Task objective: When a picture appears in the listing, leave it out and copy the rest exactly as it stands.

Given records:
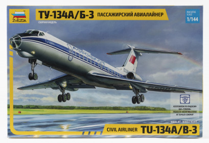 Lot Description:ZVEZDA: A NOS 1:144 scale Zvezda Tupolev TU-134A Civil Airliner Sealed Model Kit
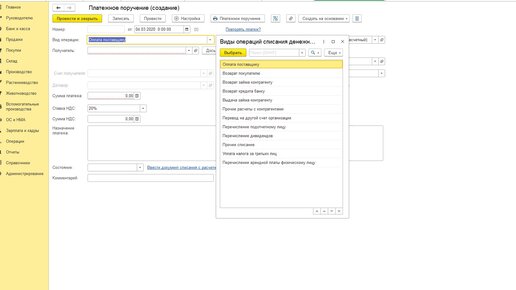 Какие бывают операции в 1с?
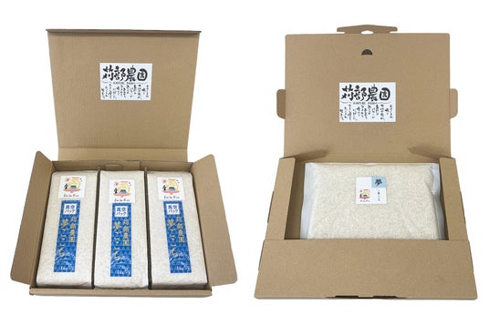 ラインナップは「1kg×3袋セット」と「5合(約750g)×1袋」の2種類をご用意しています。
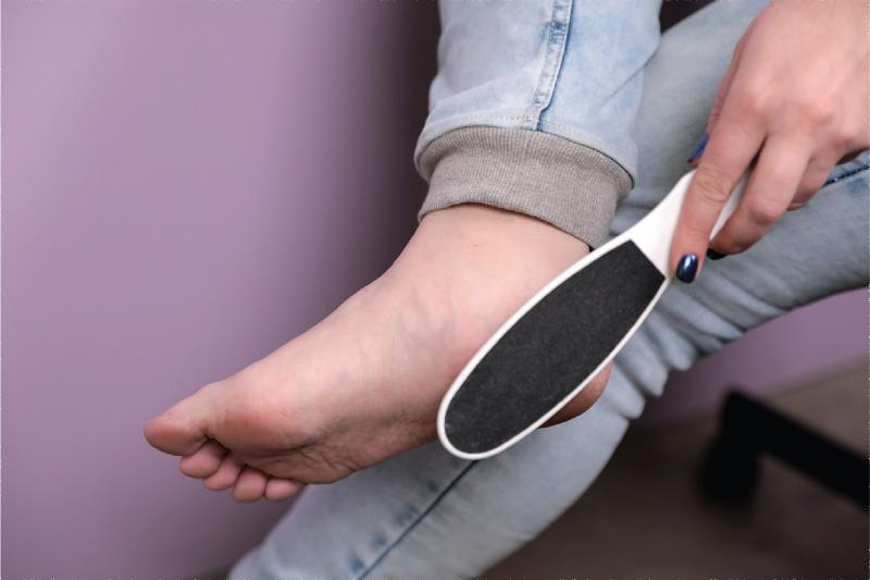 Правильный порядок действий при уходе за стопами: отшелушить пемзой, распарить, промокнуть, поскрабировать. Если использовать пемзу на распаренную влажную ногу, она разорвёт кожу в клочья, которые в сухом состоянии будут цепляться за всё вокруг.
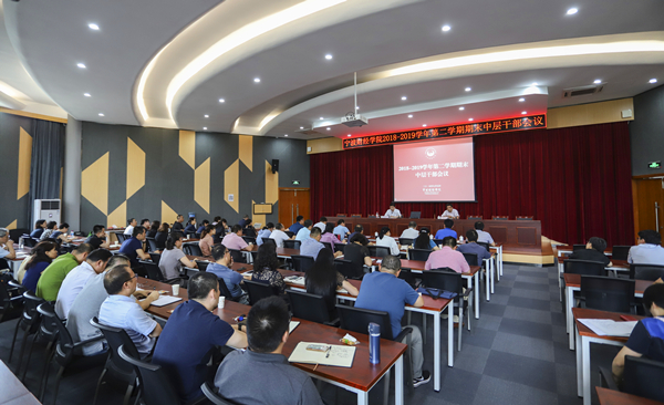 7月5日,学校举行2018-2019学年第二学期期末中层干部会议,校长王云儿出席并讲话,会议由校党委书记周波主持。校领导班子成员、全体中层干部参加会议。
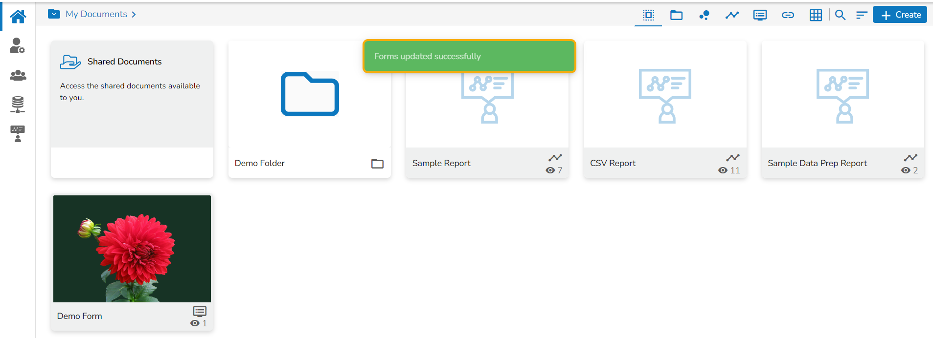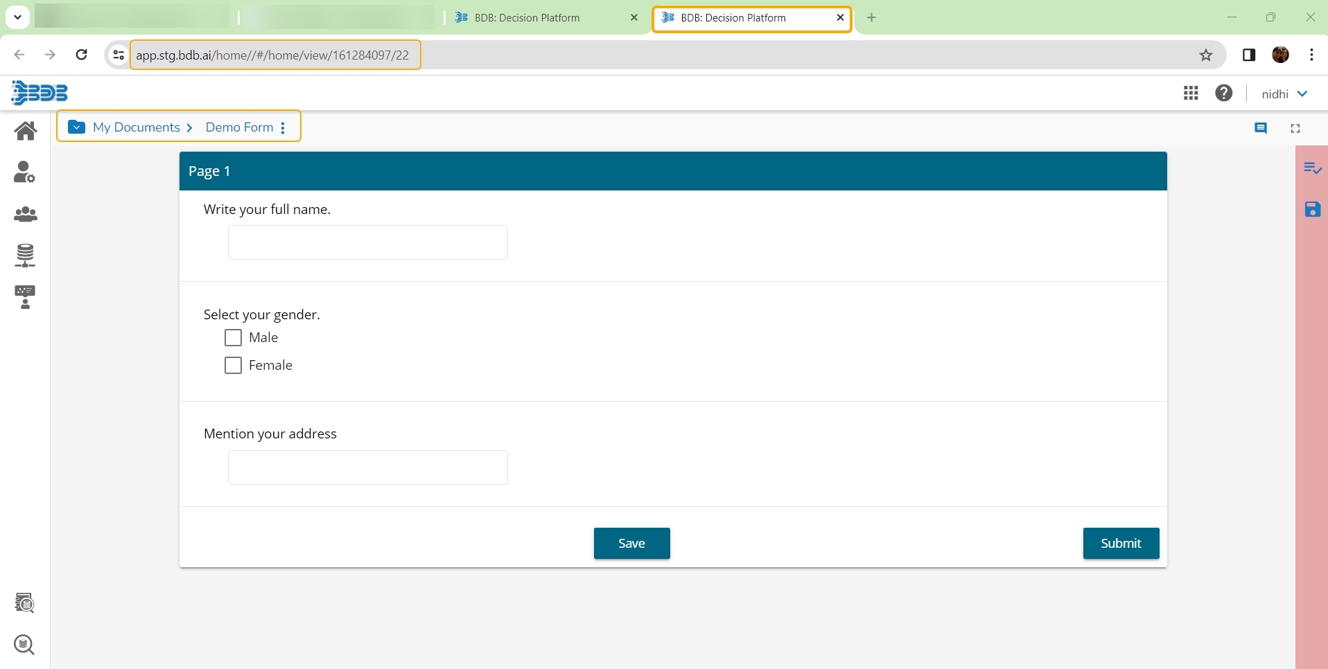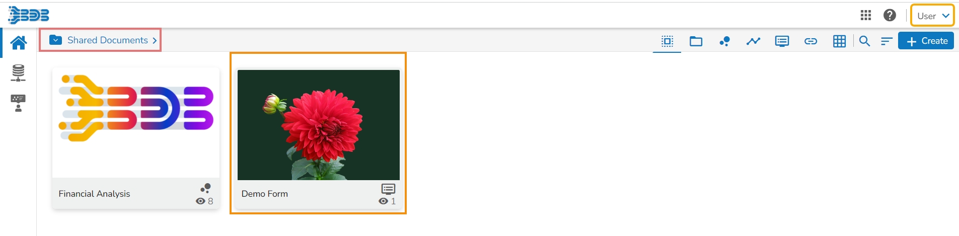 The users can publish the forms created by them to the BDB Platform. The published forms can be accessed on the BDB Platform homepage under the My Documents section.
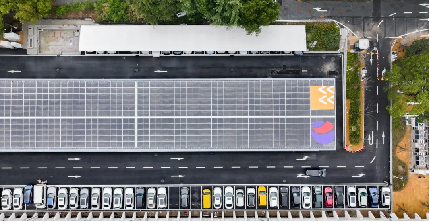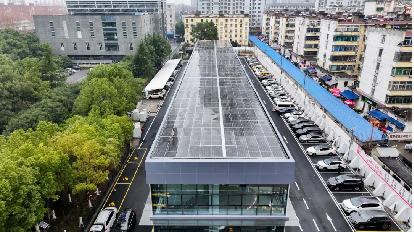 停车场屋顶铺满光伏矩阵。
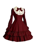Women Girls Goth Black Lolita Dress Long Sleeves Multi Layers Classic Sweet Lolita Dresses
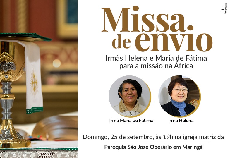 Domingo, 25 de setembro, às 19h na igreja matriz da paróquia São José Operário em Maringá, será celebrada a Santa Missa de envio das irmãs Maria de Fátima da Costa e Helena Yukie Makiyama, para a missão do Regional Sul 2 da CNBB, em Guiné-Bissau, África.
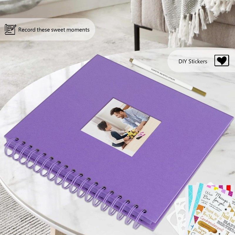 Artmag 8 x 8 Inch DIY Scrapbook Album with Window Hardcover Kraft Blank Paper Scrap Book with 40 Sheets Photo Album for Guest Book, Family Wedding Anniversary (Purple)
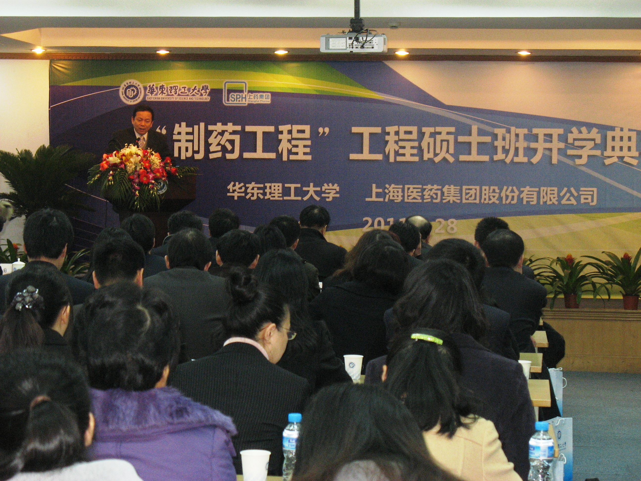 2010级制药工程工程硕士上药班开学典礼在逸夫楼演讲厅举行。国家食品药品监督管理局原副局长任德权,上海医药党委书记、副董事长张家林、上海医药总裁徐国雄、副总裁姜远英,以及杏吧原创

Task solution:
 Lot Description:ZVEZDA: A NOS 1:144 scale Zvezda Tupolev TU-134A Civil Airliner Sealed Model Kit
 Какие бывают операции в 1с?
 ラインナップは「1kg×3袋セット」と「5合(約750g)×1袋」の2種類をご用意しています。
 Правильный порядок действий при уходе за стопами: отшелушить пемзой, распарить, промокнуть, поскрабировать. Если использовать пемзу на распаренную влажную ногу, она разорвёт кожу в клочья, которые в сухом состоянии будут цепляться за всё вокруг.
 7月5日,学校举行2018-2019学年第二学期期末中层干部会议,校长王云儿出席并讲话,会议由校党委书记周波主持。校领导班子成员、全体中层干部参加会议。
 The users can publish the forms created by them to the BDB Platform. The published forms can be accessed on the BDB Platform homepage under the My Documents section.
 停车场屋顶铺满光伏矩阵。
Women Girls Goth Black Lolita Dress Long Sleeves Multi Layers Classic Sweet Lolita Dresses
 Domingo, 25 de setembro, às 19h na igreja matriz da paróquia São José Operário em Maringá, será celebrada a Santa Missa de envio das irmãs Maria de Fátima da Costa e Helena Yukie Makiyama, para a missão do Regional Sul 2 da CNBB, em Guiné-Bissau, África.
 Artmag 8 x 8 Inch DIY Scrapbook Album with Window Hardcover Kraft Blank Paper Scrap Book with 40 Sheets Photo Album for Guest Book, Family Wedding Anniversary (Purple)
 2010级制药工程工程硕士上药班开学典礼在逸夫楼演讲厅举行。国家食品药品监督管理局原副局长任德权,上海医药党委书记、副董事长张家林、上海医药总裁徐国雄、副总裁姜远英,以及杏吧原创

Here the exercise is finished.